Every line in the records below that holds the word "Park" is to be copied.

__Data shown__:

******

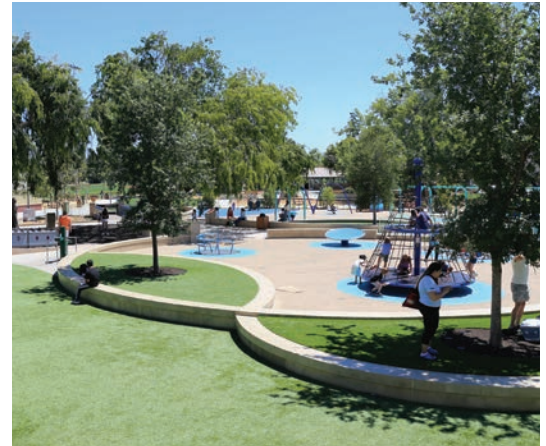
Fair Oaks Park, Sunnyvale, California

******

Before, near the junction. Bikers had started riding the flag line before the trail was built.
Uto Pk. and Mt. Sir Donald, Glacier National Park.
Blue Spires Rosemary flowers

******

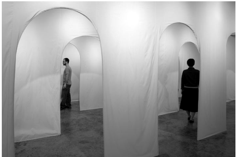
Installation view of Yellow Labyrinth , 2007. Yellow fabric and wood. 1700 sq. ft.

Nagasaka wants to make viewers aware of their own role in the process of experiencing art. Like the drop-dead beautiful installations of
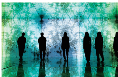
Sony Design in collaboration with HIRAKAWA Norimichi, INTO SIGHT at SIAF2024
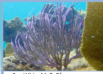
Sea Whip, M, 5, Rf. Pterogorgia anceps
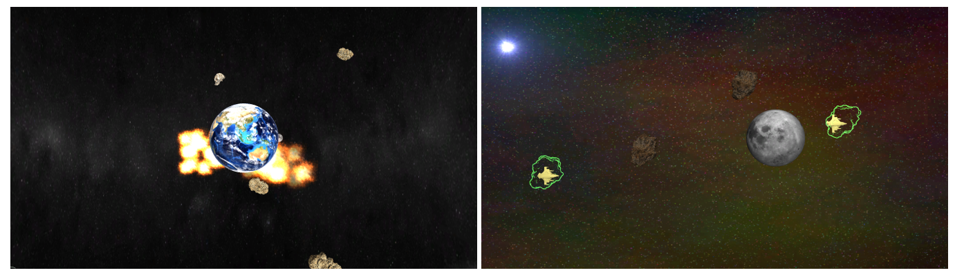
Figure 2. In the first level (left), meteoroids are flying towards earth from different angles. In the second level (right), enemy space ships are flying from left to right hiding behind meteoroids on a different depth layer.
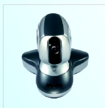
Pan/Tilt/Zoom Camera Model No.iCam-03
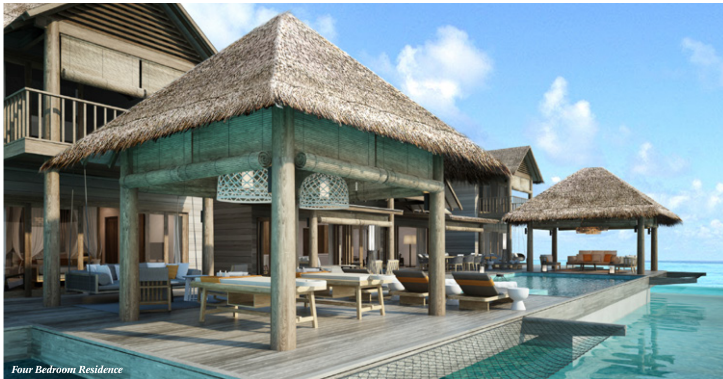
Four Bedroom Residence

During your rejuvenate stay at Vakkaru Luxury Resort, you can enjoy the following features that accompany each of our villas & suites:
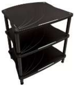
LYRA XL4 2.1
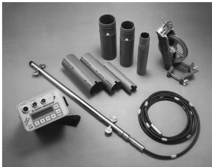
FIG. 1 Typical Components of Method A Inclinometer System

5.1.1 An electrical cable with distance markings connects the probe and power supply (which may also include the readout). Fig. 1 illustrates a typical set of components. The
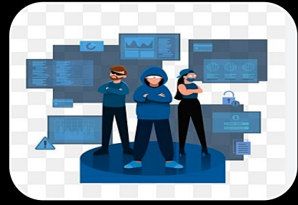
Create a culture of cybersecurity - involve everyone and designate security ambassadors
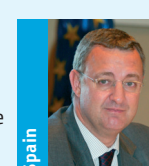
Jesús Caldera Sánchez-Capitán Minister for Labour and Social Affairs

******

__Response to the task__:
Fair Oaks Park, Sunnyvale, California
Uto Pk. and Mt. Sir Donald, Glacier National Park.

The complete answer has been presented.